Records supplied:
┏━━
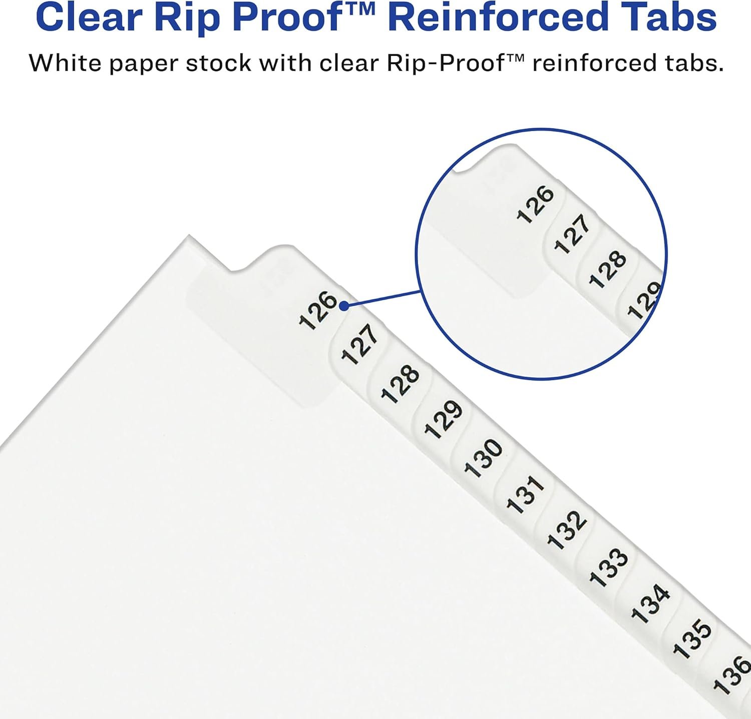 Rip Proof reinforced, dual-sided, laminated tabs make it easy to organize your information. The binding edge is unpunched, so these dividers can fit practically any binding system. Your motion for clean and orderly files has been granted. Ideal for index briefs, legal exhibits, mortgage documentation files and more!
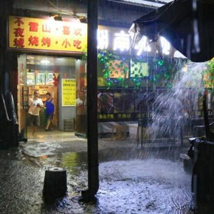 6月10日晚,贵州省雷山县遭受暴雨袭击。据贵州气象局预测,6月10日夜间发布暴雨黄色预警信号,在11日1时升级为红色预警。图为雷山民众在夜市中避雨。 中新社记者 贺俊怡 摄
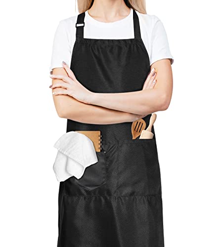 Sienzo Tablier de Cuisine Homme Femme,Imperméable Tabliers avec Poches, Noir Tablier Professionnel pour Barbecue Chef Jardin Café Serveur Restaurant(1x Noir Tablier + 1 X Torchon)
┗━━
┏━━
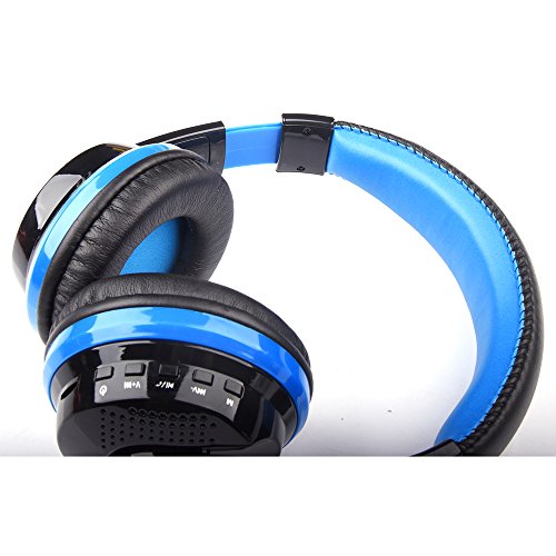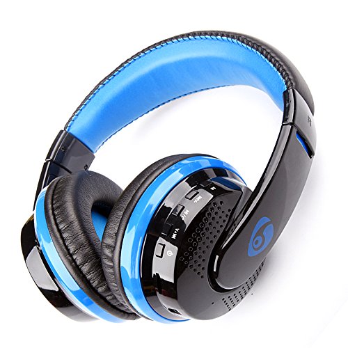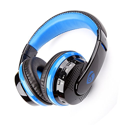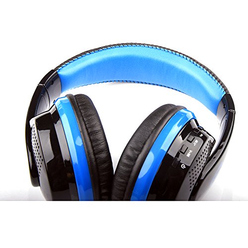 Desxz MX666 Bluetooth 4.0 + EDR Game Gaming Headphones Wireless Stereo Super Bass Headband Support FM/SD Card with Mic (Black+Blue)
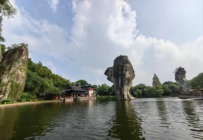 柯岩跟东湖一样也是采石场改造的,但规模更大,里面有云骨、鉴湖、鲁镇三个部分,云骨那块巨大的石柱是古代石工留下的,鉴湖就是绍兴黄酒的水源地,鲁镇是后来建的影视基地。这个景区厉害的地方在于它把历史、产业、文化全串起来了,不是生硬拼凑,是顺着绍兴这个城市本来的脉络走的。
┗━━
┏━━
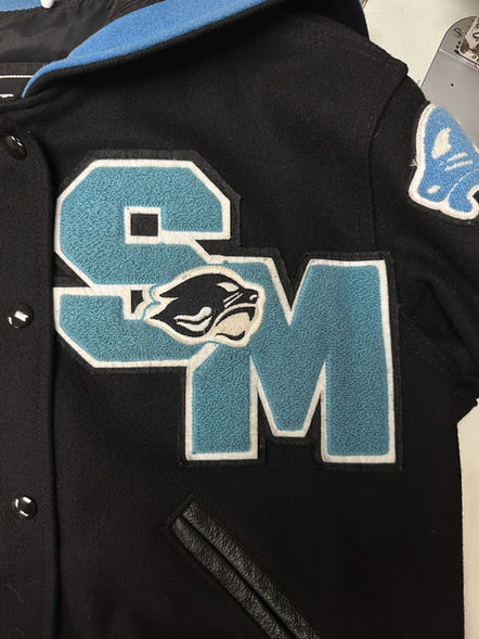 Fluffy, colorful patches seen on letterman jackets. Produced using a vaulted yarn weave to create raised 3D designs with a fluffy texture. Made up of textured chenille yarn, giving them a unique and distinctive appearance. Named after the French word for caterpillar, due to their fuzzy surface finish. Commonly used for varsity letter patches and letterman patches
┗━━
What is needed:
Using the entries above, repeat exactly the lines from the one with "Rip Proof reinforced, dual-sided, laminated" to the one with "Sienzo Tablier de", both included, and leave the pictures behind.

Expected answer:
 Rip Proof reinforced, dual-sided, laminated tabs make it easy to organize your information. The binding edge is unpunched, so these dividers can fit practically any binding system. Your motion for clean and orderly files has been granted. Ideal for index briefs, legal exhibits, mortgage documentation files and more!
 6月10日晚,贵州省雷山县遭受暴雨袭击。据贵州气象局预测,6月10日夜间发布暴雨黄色预警信号,在11日1时升级为红色预警。图为雷山民众在夜市中避雨。 中新社记者 贺俊怡 摄
 Sienzo Tablier de Cuisine Homme Femme,Imperméable Tabliers avec Poches, Noir Tablier Professionnel pour Barbecue Chef Jardin Café Serveur Restaurant(1x Noir Tablier + 1 X Torchon)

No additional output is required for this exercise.